This is great! I'll build in the handling and send some test specs later today for arrayed titles for your testing tomorrow.
The handling I am currently building in will split variable names on multiple conditions:
Does this seem sensible? For example, something like
extra_long_reallylongsingleword
might get delimited to an array that looks like ['extra', 'long', 'reallylongsingl', 'eword']
Each term in the list has a max character count of 15 and it will split on those delimiters then check that no term is still too long and split accordingly. It also has some functionality to ensure the trailing letters split aren't too short as to look goofy.
I will send specs a little later today, but wanted to document the basic approach I am taking.
Here is a set of specs with the y title passed as an array in that summarize step:
"y": {
"field": "datamations_y",
"type": "quantitative",
"title": ["median", "of", "long", "extralongvariab", "lename", "that", "is", "long"],
"scale": {
"domain": [36.8, 50.95]
}
},
I'll implement it in the groupby as well shortly, but should let you test this out.
@willdebras it looks like this:
I think it is better to combine "of" and "long" and other small words together.
Ah I see. It wraps on every item or the array. Okay, I will adjust the approach today so these shorter terms are combined into single strings.
@willdebras can you merge this as well?
Sometimes we end up with long auto-generated y-axis labels, for instance
mean(total_bill_length_mm)
.When this exceeds the length of the side of a hacked facet we get weird overlaps and repetitions.

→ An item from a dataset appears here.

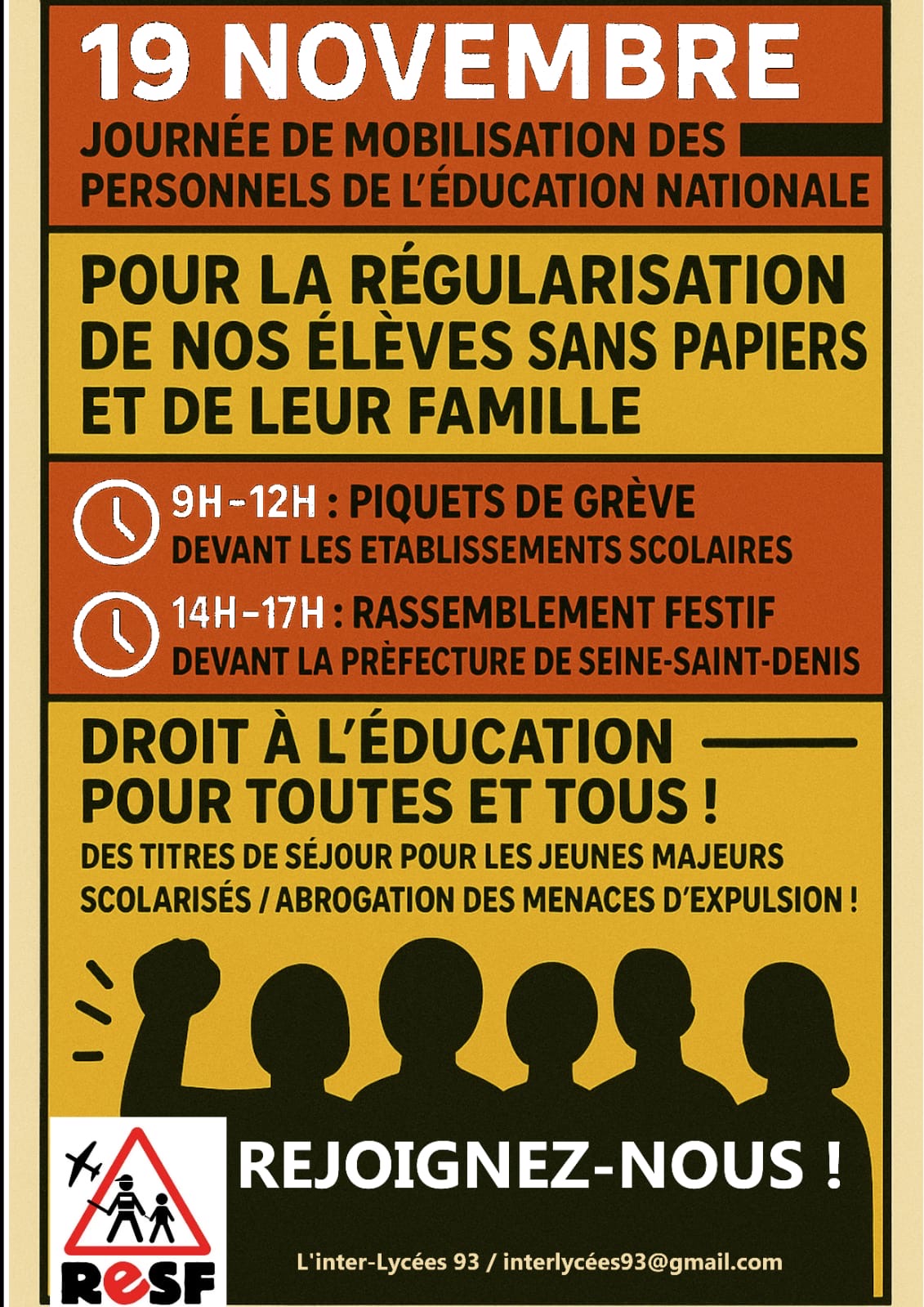 Vous êtes ici : Accueil actu des établissements Seine-Saint-Denis Le 19 novembre avec RESF, on se mobilise pour la régularisation de nos élèves sans papiers et de leur famille 10 novembre 2025 actu des établissements Le 19 novembre avec RESF, on se mobilise pour la régularisation de nos élèves sans papiers et de leur famille Action en coordination avec RESF 93.

Let's think about how to solve this. SVG text wrapping isn't particularly easy, but there are solutions. We may need to rewrite the axis label with some whitespace, though. Otherwise we'll either get no break or a weird break, like
mean(total_bill\n_length_mm)
.One option would be to write
mean of total_bill_length_mm
and another would be to replace underscores with spaces or something like that.